◆ To do ◆
Beginning with the line that holds "松下(Panasonic) 电暖器踢脚线取暖器家用石墨烯对流电暖气片IP24级防水浴室移动地暖 DS-AK2238CW" and ending with the last line below, repeat each line exactly, leaving any pictures out.

◆ Stored data ◆
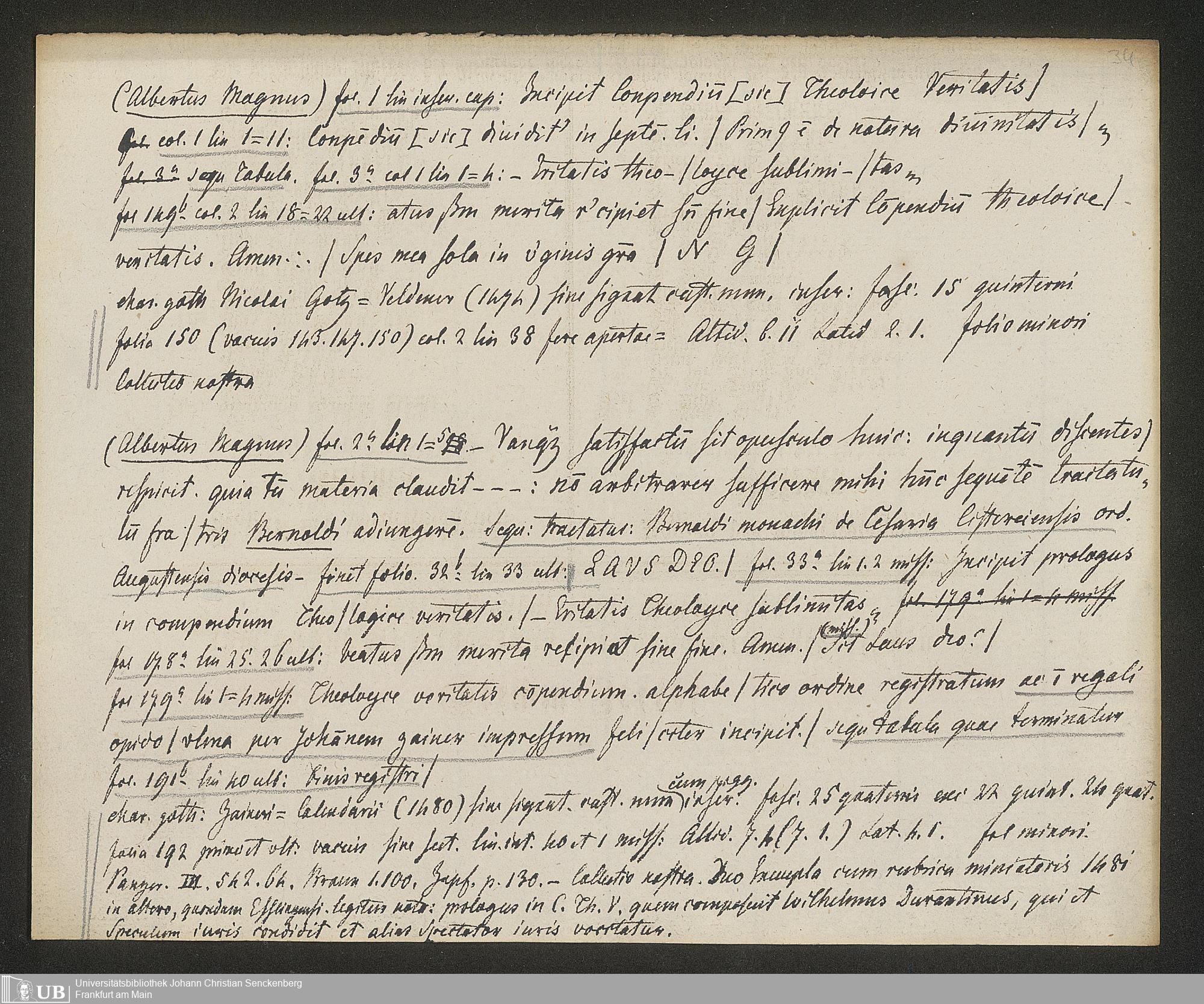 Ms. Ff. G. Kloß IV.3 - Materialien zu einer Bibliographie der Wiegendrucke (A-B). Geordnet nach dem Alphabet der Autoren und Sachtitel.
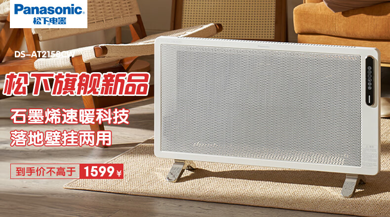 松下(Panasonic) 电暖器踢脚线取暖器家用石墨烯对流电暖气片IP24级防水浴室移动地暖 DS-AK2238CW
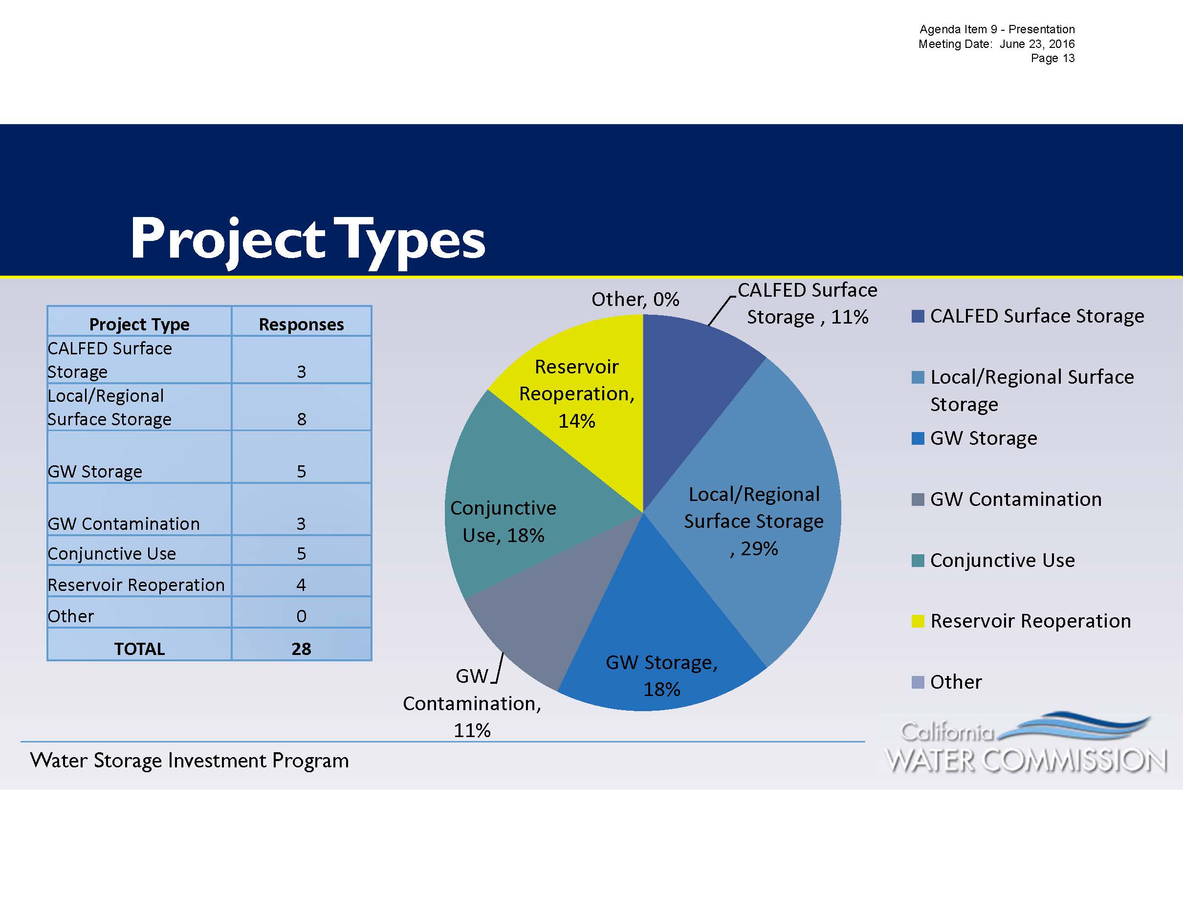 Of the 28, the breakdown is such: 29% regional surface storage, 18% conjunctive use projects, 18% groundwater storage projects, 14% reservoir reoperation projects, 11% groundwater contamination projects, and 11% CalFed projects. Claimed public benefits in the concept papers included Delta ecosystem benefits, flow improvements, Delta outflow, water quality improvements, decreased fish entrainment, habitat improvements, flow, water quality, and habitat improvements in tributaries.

◆ Your solution ◆
 松下(Panasonic) 电暖器踢脚线取暖器家用石墨烯对流电暖气片IP24级防水浴室移动地暖 DS-AK2238CW
 Of the 28, the breakdown is such: 29% regional surface storage, 18% conjunctive use projects, 18% groundwater storage projects, 14% reservoir reoperation projects, 11% groundwater contamination projects, and 11% CalFed projects. Claimed public benefits in the concept papers included Delta ecosystem benefits, flow improvements, Delta outflow, water quality improvements, decreased fish entrainment, habitat improvements, flow, water quality, and habitat improvements in tributaries.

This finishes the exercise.